This will ever chiefly depend on the kind,
the size, and the properties of the ships chosen for the service.
These primary considerations will not admit of any other that may interfere
with the necessary properties of the ships. Therefore, in choosing the
ships, should any of the most advantageous properties be wanting, and the
necessary room in them, be in any degree diminished, for less important
purposes, such a step would be laying a foundation for rendering the
undertaking abortive in the first instance.
As the greatest danger to be apprehended and provided against, on a voyage
of discovery, especially to the most distant parts of the globe, is that of
the ship's being liable to be run a-ground on an unknown, desert, or
perhaps savage coast; so no consideration should be set in competition with
that of her being of a construction of the safest kind, in which the
officers may, with the least hazard, venture upon a strange coast.
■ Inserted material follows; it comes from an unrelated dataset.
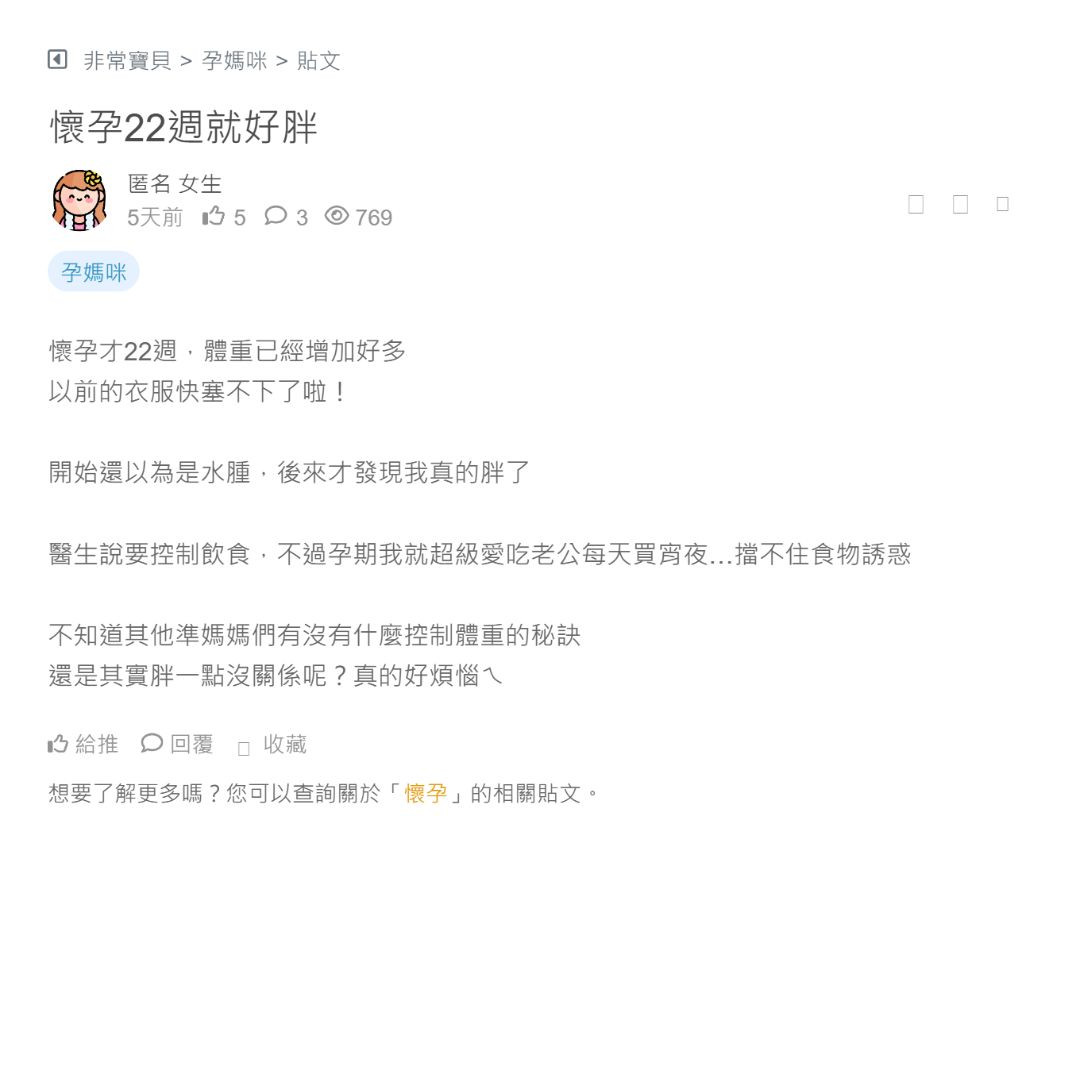 近期胖的速度已經超乎我的想像 沒想到懷孕晚上睡不好 身材讓我那麼焦慮😕 我的BMI已經超重 請問大家30w都胖幾公斤 我該趁寶寶出生前少吃一點嗎? 看更多
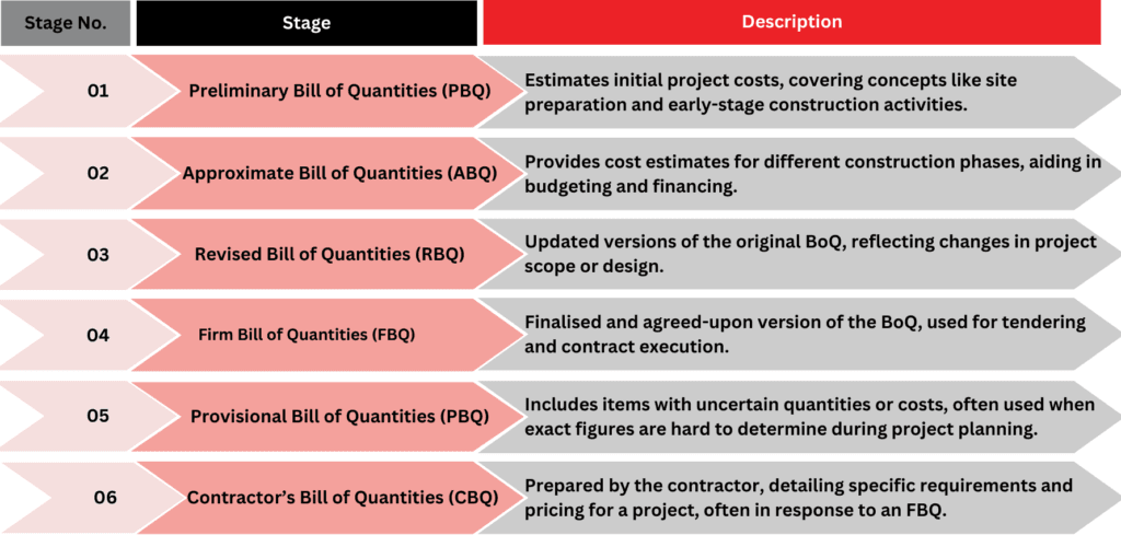 Various stages of Bill Of Quantities:

A ship
of this kind must not be of a great draught of water, yet of a sufficient
burden and capacity to carry a proper quantity of provisions and
necessaries for her complement of men, and for the time requisite to
perform the voyage.
She must also be of a construction that will bear to take the ground; and
of a size, which in case of necessity, may be safely and conveniently laid
on shore, to repair any accidental damage or defect. These properties are
not to be found in ships of war of forty guns, nor in frigates, nor in East
India Company's ships, nor in large three-decked West India ships, nor
indeed in any other but North-country-built ships, or such as are built for
the coal-trade, which are peculiarly adapted to this purpose.
In such a vessel an able sea-officer will be most venturesome, and better
enabled to fulfil his instructions, than he possibly can (or indeed than
would be prudent for him to attempt) in one of any other sort or size.
Upon the whole, I am firmly of opinion, that no ships are so proper for
discoveries in distant unknown parts, as those constructed as was the
Endeavour, in which I performed my former voyage. For no ships of any other
kind can contain stores and provisions sufficient (in proportion to the
necessary number of men,) considering the length of time it will be
necessary they should last. And, even if another kind of ships could stow a
sufficiency, yet on arriving at the parts for discovery, they would still,
from the nature of their construction and size, be less fit for the
purpose.
Hence, it may be concluded, so little progress had been hitherto made in
discoveries in the Southern Hemisphere.